Eureka! Since there was what appeared to be that small leak in the flapper and needing to eliminate every possibility before calling a plumber, I decided to pull it and clean the bottom in case the seal was bad. When I took it out I found a wear-thru about half an inch long that doubled in size when I touched it. Long story short, I took it into town and found a universal flapper that looked close. Brought it home, put it on, turned on the water, put in the dye and an hour later there was no hint of dye in the bowl. Been sitting here for two hours without running any water and pump has not kicked in. 

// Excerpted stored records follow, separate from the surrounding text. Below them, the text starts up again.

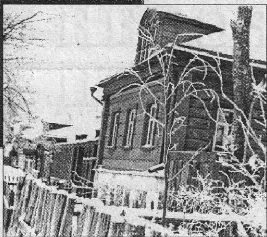
Дом на ул. Комсомольской, в котором жила семья Пришвиных.

В журналах «Красная новь», «Новый мир», «Огонек», «Охотник» и в «Охотничьей газете» один за другим появляются его охотничьи рассказы, а в 1929 году в «Новом мире» начала печататься повесть «Журавлиная родина». Под таким названием стал известен читателю край знаменитых дубненских болот, тогда еще богатых дичью, константиновская долина, Заболотское озеро, изобилующее утками и хранившее еще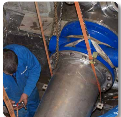
Montage einer großdimensionierten Pumpendruckleitung vor Ort

Technische Datenblätter Produktbeschreibungen Bemessungsformulare Formulare zur Bestandsaufnahme Ausschreibungstexte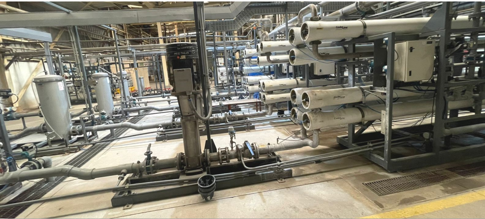
Instalaciones industriales de tratamiento de agua con prefiltros (izquierda) y filtros de membranas (derecha)

MC-S es compatible con los desinfectantes Sanosil para un tratamiento conjunto o combinado para la eliminación adicional de microorganismos y biopelículas.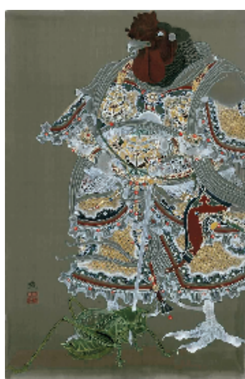
苏锐 大吉 100×50cm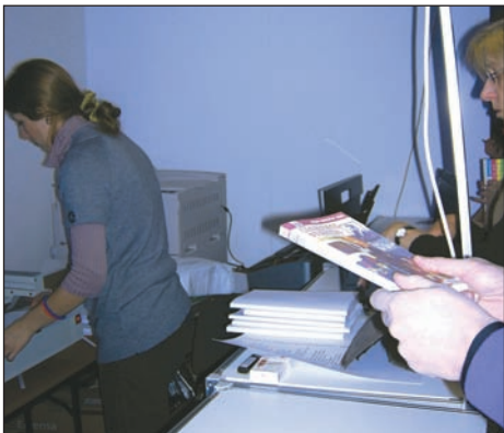
Принт-он-деманд в действии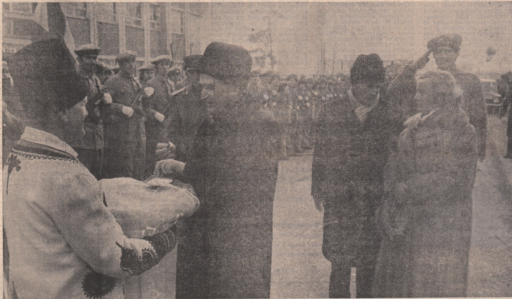
Primire entuziastă făcută fiului iubit al comunei și al țării

Joi, 27 ianuarie, tovarășul Nicolae Ceaușescu, secretar general al Partidului Comunist Român, președintele Republicii Socialiste România, împreună cu tovarășa Elena Ceaușescu, au fost oaspeții comunei Scornicești, localitate natală a conducătorului partidului și statului nostru.

Amazing how much water a very small hole can release given enough time. If I had not experienced it I would not have believed it. Thanks again guys, for all the suggestions and help. FM


----------



## polaris500 (Jul 24, 2010)

rollin stone said:


> I've never seen a submersible shallow well pump. But who knows?



I have, I had one.


----------



## JimP (Feb 8, 2002)

Forest Meister said:


> Eureka! Since there was what appeared to be that small leak in the flapper and needing to eliminate every possibility before calling a plumber, I decided to pull it and clean the bottom in case the seal was bad. When I took it out I found a wear-thru about half an inch long that doubled in size when I touched it. Long story short, I took it into town and found a universal flapper that looked close. Brought it home, put it on, turned on the water, put in the dye and an hour later there was no hint of dye in the bowl. Been sitting here for two hours without running any water and pump has not kicked in.
> 
> Amazing how much water a very small hole can release given enough time. If I had not experienced it I would not have believed it. Thanks again guys, for all the suggestions and help. FM


Amazing how simple a fix can sometimes be for the most frustrating problems. This morning my wife mentioned she was concerned about lack of the usual water pressure for doing the morning dishes. 
Oh-Oh methinks. :rant:
Bum pump, bum tank...call a plummer...:yikes:
Wait a second: I *had* pressure in the shower.

Unscrewed the faucet nozzle, blew it and it's screen out, tooth brushed with CLR.
Back to normal again for 3 minutes work. No cost.


----------



## Burksee (Jan 15, 2003)

Good to hear you found the problem and it was an easy fix!


----------